Mark my words, this Atlanta-based band is gonna be HUGE!

The second album from The Whiskey Gentry, Holly Grove, self-released after a more than successful Kickstarter campaign, is a boisterous good time. Led by the golden throat of Lauren Staley and aided by Jason Morrow (guitar), Chesley Lowe on banjo, Sammy Griffin (bass), Price Cannon (drums), mandolin picker Michael Smith, and Rurik Nunan on fiddle, the band brings a rocked-up edge to country like some other natives such as the Zac Brown Band or Sugarland. The record starts with “I Ain’t Nothing,” with Staley sounding like the perfect honky tonk angel missing her man – “I ain’t nothing unless I’m lovin’ on you.” She sounds a bit like Kacey Musgrove, both in tenor and attitude – a smart, independent woman in love. “Colley Davis” follows, and it’s an Old 97s/Jason and the Scorchers sorta feel, with the fiddle playing tag with Morrow’s guitar to great effect. The pace slows down for the title cut about a winter’s hidden memory, with a sort of rockin’ Celtic feel with the fiddle atop blaring guitars, a la Richard Thompson, perhaps.

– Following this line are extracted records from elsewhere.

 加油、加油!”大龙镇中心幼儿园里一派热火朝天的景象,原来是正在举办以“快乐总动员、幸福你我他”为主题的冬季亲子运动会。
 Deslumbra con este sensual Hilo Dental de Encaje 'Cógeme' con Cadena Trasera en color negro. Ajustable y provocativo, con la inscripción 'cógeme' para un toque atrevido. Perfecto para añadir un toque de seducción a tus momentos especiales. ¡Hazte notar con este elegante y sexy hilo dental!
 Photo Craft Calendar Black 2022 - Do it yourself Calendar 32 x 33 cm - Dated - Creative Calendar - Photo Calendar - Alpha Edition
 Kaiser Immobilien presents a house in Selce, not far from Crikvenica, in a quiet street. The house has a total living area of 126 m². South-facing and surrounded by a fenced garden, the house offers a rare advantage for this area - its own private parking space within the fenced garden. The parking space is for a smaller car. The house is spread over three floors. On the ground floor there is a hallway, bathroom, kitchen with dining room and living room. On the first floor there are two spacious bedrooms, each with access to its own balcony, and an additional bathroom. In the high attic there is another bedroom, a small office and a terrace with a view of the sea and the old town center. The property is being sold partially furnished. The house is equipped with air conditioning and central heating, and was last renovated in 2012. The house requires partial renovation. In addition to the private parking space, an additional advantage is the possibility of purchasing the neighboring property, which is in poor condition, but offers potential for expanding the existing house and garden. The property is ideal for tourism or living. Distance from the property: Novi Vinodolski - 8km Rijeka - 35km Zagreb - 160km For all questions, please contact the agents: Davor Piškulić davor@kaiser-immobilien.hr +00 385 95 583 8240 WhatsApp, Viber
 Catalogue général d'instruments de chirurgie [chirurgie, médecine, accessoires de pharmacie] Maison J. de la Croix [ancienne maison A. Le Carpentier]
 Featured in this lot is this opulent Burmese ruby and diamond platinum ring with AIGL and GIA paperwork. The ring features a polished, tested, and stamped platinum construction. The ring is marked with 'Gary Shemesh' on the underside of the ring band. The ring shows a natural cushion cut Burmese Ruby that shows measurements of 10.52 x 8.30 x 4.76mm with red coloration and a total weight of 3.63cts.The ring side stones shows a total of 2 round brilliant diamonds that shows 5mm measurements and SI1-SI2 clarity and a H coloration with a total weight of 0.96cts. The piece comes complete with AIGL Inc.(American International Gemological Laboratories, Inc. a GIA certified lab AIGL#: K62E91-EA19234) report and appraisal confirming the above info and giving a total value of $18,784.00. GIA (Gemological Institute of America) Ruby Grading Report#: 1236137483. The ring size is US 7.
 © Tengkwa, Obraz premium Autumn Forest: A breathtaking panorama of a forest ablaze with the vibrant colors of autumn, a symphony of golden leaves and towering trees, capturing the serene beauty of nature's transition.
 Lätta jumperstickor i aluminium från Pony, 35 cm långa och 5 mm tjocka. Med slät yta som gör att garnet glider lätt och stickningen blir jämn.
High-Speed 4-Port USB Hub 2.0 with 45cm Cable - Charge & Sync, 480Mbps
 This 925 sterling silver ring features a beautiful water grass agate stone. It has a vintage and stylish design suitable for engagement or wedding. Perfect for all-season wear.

The record was produced by John Keane (R.E.M., Uncle Tupelo), and it sounds incredible. It’s not easy finding a balance between acoustic instruments and electric guitars, but Keane manages it well, without it turning to mush.

Staley got her start winning a contest to sing with Butch Walker and the Marvelous 3 at Atlanta’s Music Midtown festival, and he returns the favor here, joining Staley on a duet on “One Night in New York,” which sounds like an outtake from Whiskeytown’s Stranger’s Almanac – and that’s saying something. In fact, Ryan Adams and Whiskeytown is a good comparison to The Whiskey Gentry, but the band has a more bluegrass feel, particularly on “Oh Me,” which wouldn’t sound out of place on a Hazel Dickens record.

In an age when 99% of popular country artists are more Miley Cyrus than Loretta Lynn, Lauren Staley and The Whiskey Gentry stand astride both rock and country, never shortchanging either. Hell, you gotta love a band that got its name from a Hunter S. Thompson quote, and includes a hidden track of “A Whiter Shade of Pale” (featuring a fiddle in place of the organ part on the original – chillingly good), I mean, what’s not to love? Huge, I tell you. HUGE!